The three ligase deletion variants identified after round 6 of the ‘60 min selection’, namely Del 13, Del 18 and Del 18 I22T (Figure 9), were amplified from their respective TOPO plasmids used for sequencing. We removed the Flag tag at this step, as the original ligase 10C did not have this feature either (32) and the epitope tag was used here during mRNA display selection only for purification purposes. Thus, we obtained the ligase variants Del 13 ΔFlag, Del 18 ΔFlag and Del 18 I22T ΔFlag. After cloning into an expression vector, the variants displayed sufficiently soluble expression in E. coli and were purified by Ni-NTA affinity chromatography, which yielded solutions of >98% pure protein (Supplementary Figure S6).
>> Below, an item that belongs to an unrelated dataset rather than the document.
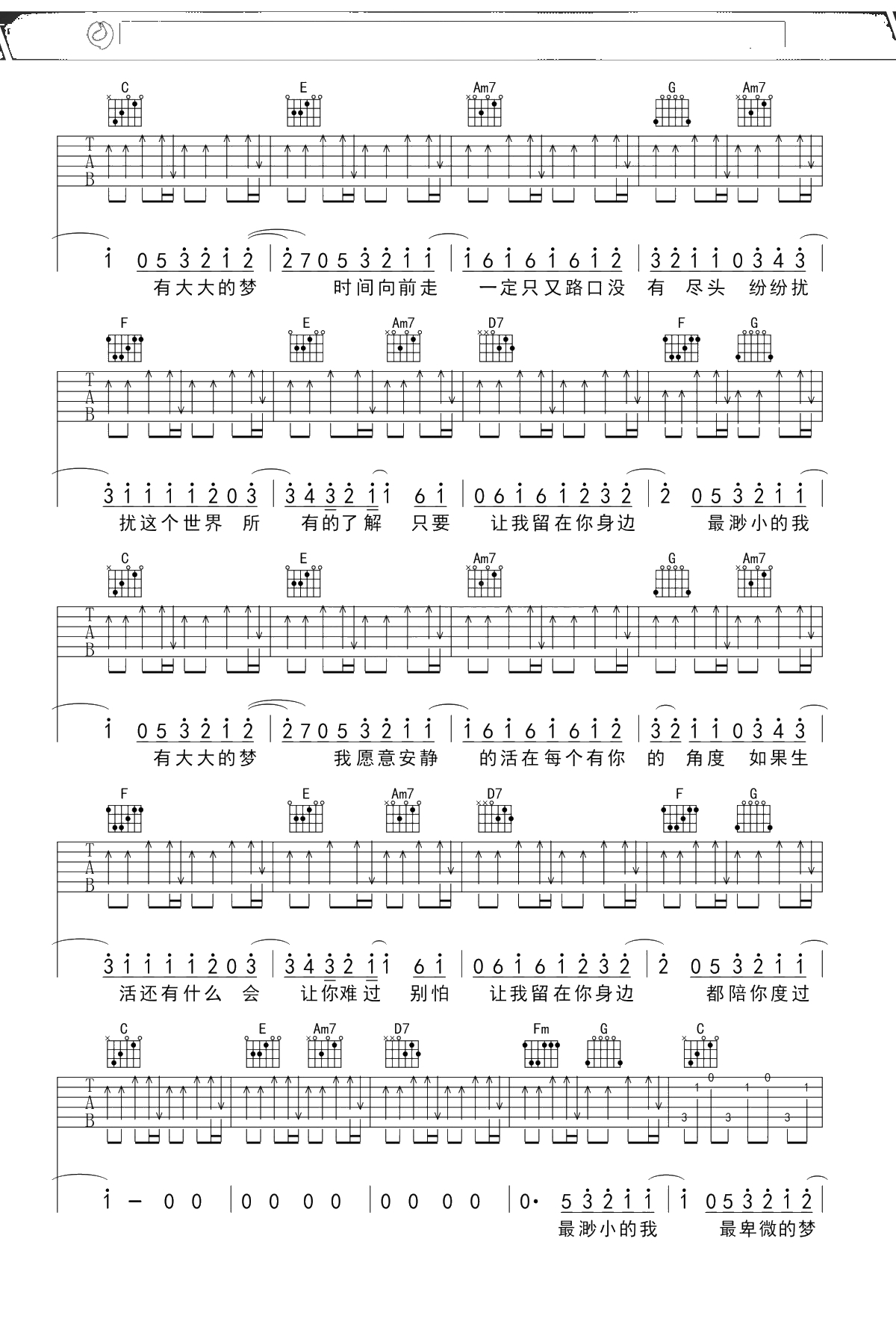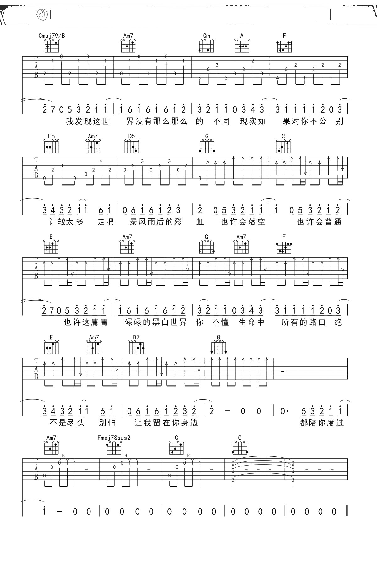 陈奕迅《让我留在你身边》吉他谱 C调弹唱六线谱

The three enzymes were assayed alongside with the original ligase 10C at 24°C for up to 24 h. All deletion variants reached a maximum ligation percentage similar to ligase 10C, (66–72% of maximum ligation versus 72% for ligase 10C). To compare their catalytic efficiencies, kobs was measured for each ligase variant in the linear range of ligation percentage over time. All deletion variants had ligation rates similar to ligase 10C with variant Del 18 I22T ΔFlag even displaying a slightly increased activity (Figure 10).
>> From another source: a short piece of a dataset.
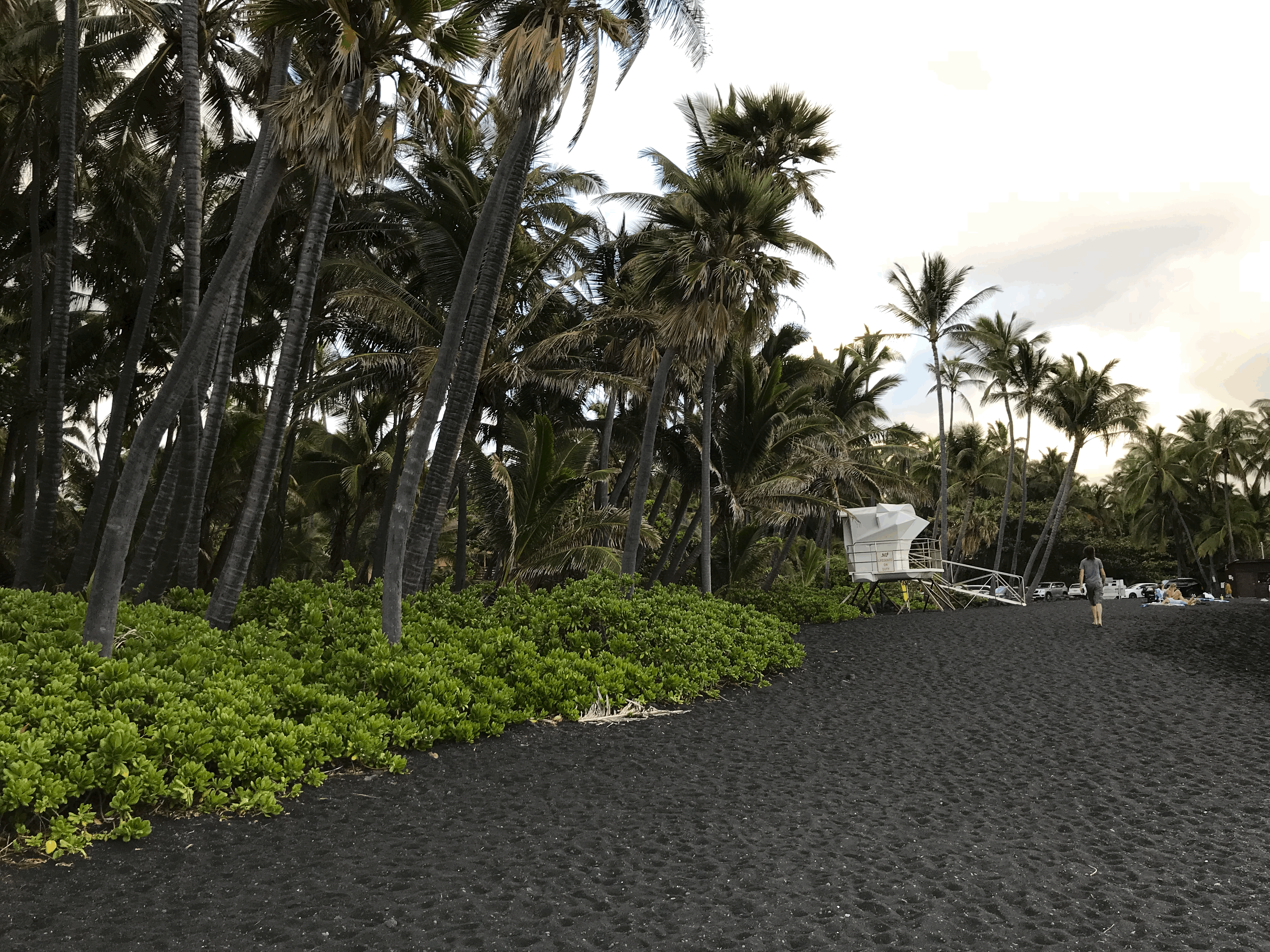 This beach was quite easily accessible and looked so different from the normal golden sandy beaches you are used to seeing in brochures and on posters of Hawaii. The sand is made up of fragments of pitch-black lava and the beach is lined with coconut trees. There is also a lifeguard present on the beach during the day and there are toilets, changing facilities, parking, and a picnic area.

Ligation progress over time catalyzed by the three deletion variants (dashed or dotted gray lines) compared to original ligase 10C activity (solid black line). Rates of ligation were 0.387 ± 0.094 h−1, 0.304 ± 0.120 h−1 and 0.412 ± 0.059 h−1 for Del 13 ΔFlag, Del 18 ΔFlag and Del 18 I22T ΔFlag, respectively, while kobs of ligase 10C was 0.340 ± 0.020 h−1. For each variant, the error bars represent the standard error from at least 3 biological replicates for which 2–4 technical replicates were performed.
Figure 10.

Ligation progress over time catalyzed by the three deletion variants (dashed or dotted gray lines) compared to original ligase 10C activity (solid black line). Rates of ligation were 0.387 ± 0.094 h−1, 0.304 ± 0.120 h−1 and 0.412 ± 0.059 h−1 for Del 13 ΔFlag, Del 18 ΔFlag and Del 18 I22T ΔFlag, respectively, while kobs of ligase 10C was 0.340 ± 0.020 h−1. For each variant, the error bars represent the standard error from at least 3 biological replicates for which 2–4 technical replicates were performed.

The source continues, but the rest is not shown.